# acrylic painting



## tobyshortt (Dec 17, 2015)

Hello I would like to show my art off so people can see but don't know how? Can you help please?


----------



## tobyshortt (Dec 17, 2015)

I've done it please share


----------



## just (Mar 3, 2015)

Post your pictures not the link. It's taking too long to load it.


----------



## tobyshortt (Dec 17, 2015)

just said:


> Post your pictures not the link. It's taking too long to load it.


Sorry really don't know how to use this website


----------



## just (Mar 3, 2015)

Go to the advanced setting in the lower right of center and select the paper clip. Put your link in the space provided.


----------



## Artsupplies (Aug 27, 2013)

Nice work Toby. I would like to see more from you. Thanks for sharing.


----------



## TerryCurley (Jan 4, 2015)

H Toby and welcome to the forum. New sites can be so very frustrating, I know. It took me forever to figure out how to post a thread when I first joined. 

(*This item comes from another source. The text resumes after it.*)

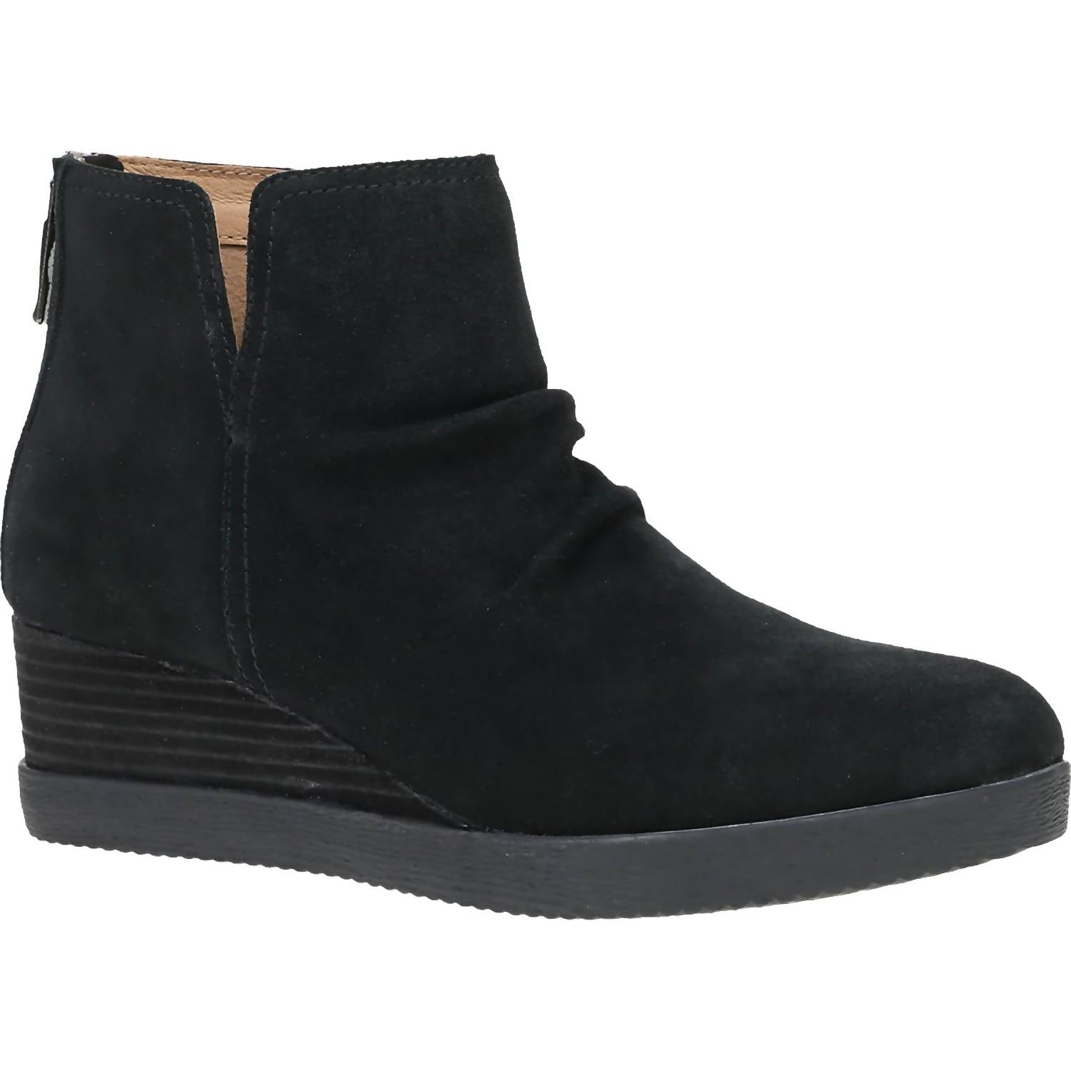 Say hello to the perfect, most versatile boot. The ankle height makes this style easily transition from day to night. Wear them with your favorite skinny jeans and tee for a more laid back look, or pair them with your favorite mini dress and jacket for a night out on the town. Dansko presents the Women's Stephanie Waterproof Suede Bootie, a chic footwear option perfect for a dinner party with its Y2K trend elements. Featuring a mid-height 2-inch wedge heel, these black ankle booties are designed with durable, waterproof suede, enhanced by 3M Scotchgard™ to resist stains. The back zipper offers easy wear, while the combination fabric and leather lining ensure breathability. Care for your feet with the removable PU footbed, complemented by memory foam and Dansko Natural Arch® technology for ultimate comfort and support.

I've managed to learn the site well and would be happy to help you navigate the forum. There are informative posts on how to do things under the catagory "Getting Started with ArtistForum". Here is the post on including images in your postings:
http://www.artistforum.com/getting-started-artistforum-com/how-insert-images-into-your-posts-21426/

Your painting is very good. I love flowers and can never get enough of them. I too do a lot of my flower designs on black canvas.


----------



## Butterfly88 (Nov 12, 2015)

I like your painting!


----------